Introduction to Deep LearningLaajuus (5 ECTS)
Course unit code: TX00FE78
General information
- Credits
- 5 ECTS
Objective
This course provides an understanding of the basic mechanisms of deep learning models related with image processing. The students will learn how to develop a VGG-16 model for image recognition and a YOLO v1 algorithm for object detection from scratch. These algorithms use Convolutional Neural Network (CNN), which provides excellent performance in the field of image processing, and the main theme of this course is to learn its mechanism and application methods. This course also provides an understanding of how to use PyTorch, one the most popular framework in deep learning, including how to work with both open datasets and original datasets. In the latter half of the course, the students will work on a simple project in a team and improve their programming skills and the knowledge of deep learning through the development experience.
Content
Day 1: Introduction to PyTorch (popular neural network framework)

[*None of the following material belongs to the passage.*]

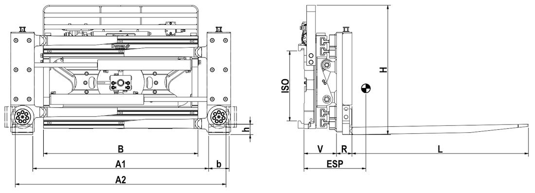 typ udźwig na widłach kg/mm LC udźwig jako chwytak kg/mm LC sugerowany udźwig kg/mm LC ISO B mm A1 mm A2 mm widły b x h x L mm R mm V mm ESP mm waga kg

- Reviews on Neural Network Basics
- Building and training simple neural networks with PyTorch
- Image recognition using Convolutional Neural Network (CNN) and some tricks
Day 2: Image recognition with deep learning
- Image recognition using VGG-16 network model
- Using pretrained models and transfer learning
- How to use original dataset for image recognition
Day 3: Object detection (1)
- An Overview of object detection problems
- Overview of YOLO v1 algorithm
- Building YOLO v1 from scratch (1)
Day 4: Object detection (2)
- Building YOLO v1 from scratch (2)
- Training YOLO v1 with Pascal VOC dataset
Day 5: Mini-project planning
- Team building and project planning
- Deep learning model and dataset preparation
Day 6, 7: Mini- project
- Carrying out system development with deep learning for each team
Day 8: Presentation session
- Students report their project results in teams
Additional content
How to use the pretrained model will also be introduced in the course.
Qualifications
It is desirable to have completed the contents of Introduction to Machine Learning course. Otherwise, object-oriented programming experience is required, especially Python programming experience is desirable. Basic knowledge of neural networks and machine learning algorithms is also desirable. In this lecture, some basic mathematical expressions such as linear algebra and calculus are used.